Ukraine is waging a ‘deep war’ to downgrade Russian forces as Moscow continues its scorched earth campaign.


A Russian train carrying troops and equipment to bolster positions in southern Ukraine was blown up by US-supplied precision missiles last weekend, killing dozens of soldiers and destroying many rail cars, according to Ukrainian officials, who released satellite images of the attack site to support their claim. support.

At the same time, Russia attempted to renew its diligent effort to advance into eastern Ukraine, once again covering the front with overwhelming artillery fire as it tried to reposition ground forces to advance.

On several fronts, the Ukrainian and Russian military tried to dictate how and where the battle would take place. A lot will revolve around which army succeeds.

For the Ukrainians, this means attacking the Russians where they are weakest on both the Eastern and Southern fronts, using the same tactics they used in the early months of the war to keep the Russians away from Kiev and other cities. and villages in the region. north.

For the Russians, that means using the kind of brute force that has destroyed many of the cities now under their control.

As more Western long-range weapons have arrived in the country, Ukraine has increasingly been able to attack what military analysts call a “deep war” by attacking Russian command and control centers, hitting key supply routes, in a attempt to isolate Russian troops in pockets, and engage Ukrainian guerrillas behind enemy lines in the south to assist in attacking Russian positions and sabotage.

Last weekend’s attack on the train was the latest in a series of strikes that have disrupted Russian logistics efforts and caused serious casualties.

“According to intelligence data, all the drivers and engineers of the Russian railway company transporting military cargo from Crimea to the Kherson region were killed,” Anton Gerashchenko, an adviser to the Interior Ministry, said Monday morning.

While his specific claims cannot be independently verified, video of an explosion and satellite images of the aftermath provided evidence that the Ukrainians hit a Russian train along one of the two main railway lines running from Crimea to southern Ukraine.

The Ukrainian military said on Monday it had destroyed at least 15 ammunition depots in southern Ukraine alone — many of the attacks captured on video — in recent weeks, forcing the Russians to use surface-to-air missiles to hit ground targets. The Pentagon said last week that Ukraine was using Western weapons to increasingly devastating effect.

The Ukrainians have become very effective at finding and killing Russian command and control centers and destroying large amounts of Russian equipment, a senior US Department of Defense official said Friday.

The exiled Ukrainian governor of Kherson, Dmytro Butrii, said on Monday that some 46 villages in the province had been liberated, but some had been almost completely destroyed and were still under Russian shelling.

The Russians have shown that they can still cause widespread death and destruction with the vast arsenal they still have at their disposal.

The use of overwhelming force has been at the heart of Russian military doctrine since Soviet times.
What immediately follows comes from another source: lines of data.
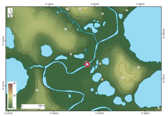 All known GECs are located in the northern part of West-Siberian Lowland. This region is characterized by continuous permafrost with rather low ground temperature (−4 to −7 °C on average) [12], thick layers of tabular ground ice in the geological section, and methane in the form of both gas and gas clathrates in the upper 120 m of the section [13,14,15]. The relief in the study area consists of several geomorphic units including a floodplain 0–5 m high, and a series of fluvial-lacustrine-marine plains and terraces within the height interval of 7–85 m, dissected by rivers, lakes, drained lake basins (khasyreys), and thermoerosion ravines and gullies. High-centered sand polygons and polygonal peat plateaus often occupy flat hilltops of the plains, otherwise represented by hummocky tundra landscapes. High willow shrub thickets mainly cover concave slopes while dwarf birch shrubs dominate convex slopes.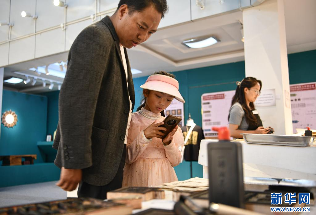 7月19日,一名小朋友在家長(zhǎng)陪同下拍攝感興趣的西藏雕版印刷品。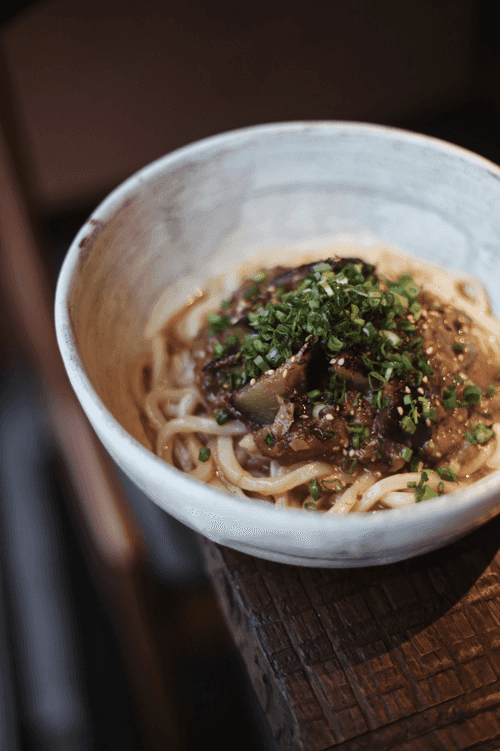 To cook udon, place frozen noodles in a sieve and submerge it in boiling water for 40 seconds, then drain to ensure no liquid remains in the udon. Season with soy sauce (70 g) and sesame oil (14 g), top with stew and fried eggplants, and sprinkle with green onions (35 g) and furikake.

The advances made by their forces in the eastern region of Luhansk this spring came only after Russian artillery had effectively reduced the cities to rubble.

“Their tactics remain much the same as during the hostilities in the Luhansk region,” Serhii Haidai, chief of Luhansk’s regional military administration, said Monday.
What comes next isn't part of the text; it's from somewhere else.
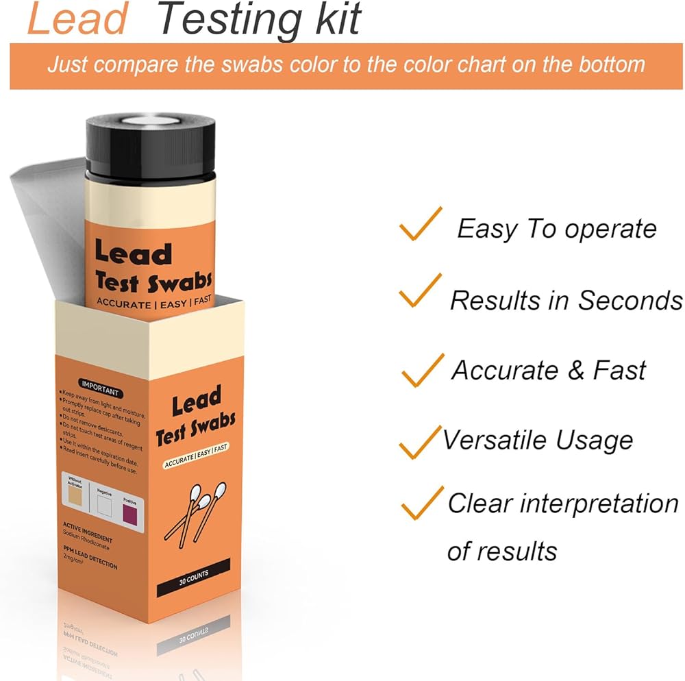 【مجموعة اختبار مطورة】: يحتوي كل صندوق على 30 قطعة من مسحات فحص الرصاص، مما يوفر حلاً فعالاً ومريحًا وقيمًا لاختبار الرصاص في المنزل. العمر الافتراضي هو 2 سنة.

He said that the Russians made daily attempts to launch an offensive against the city of Bakhmut in the Donetsk region, but had so far failed to breach the main Ukrainian defense lines.

Russian forces in the east — and in certain parts of the south — were also rallying troops to try to advance along various lines of attack, Ukraine’s military high command said. While Western military analysts think Russia is unlikely to succeed in attempting to capture large new swathes of territory, the Ukrainians should respond — and influence how quickly they can mount a counter-offensive in southern Ukraine.

The Ukrainian government has expressed growing confidence that as long as the West continues to supply the weapons it needs, Ukraine can win the war. But Kiev also needs to convince a war-weary public and Western allies to be patient.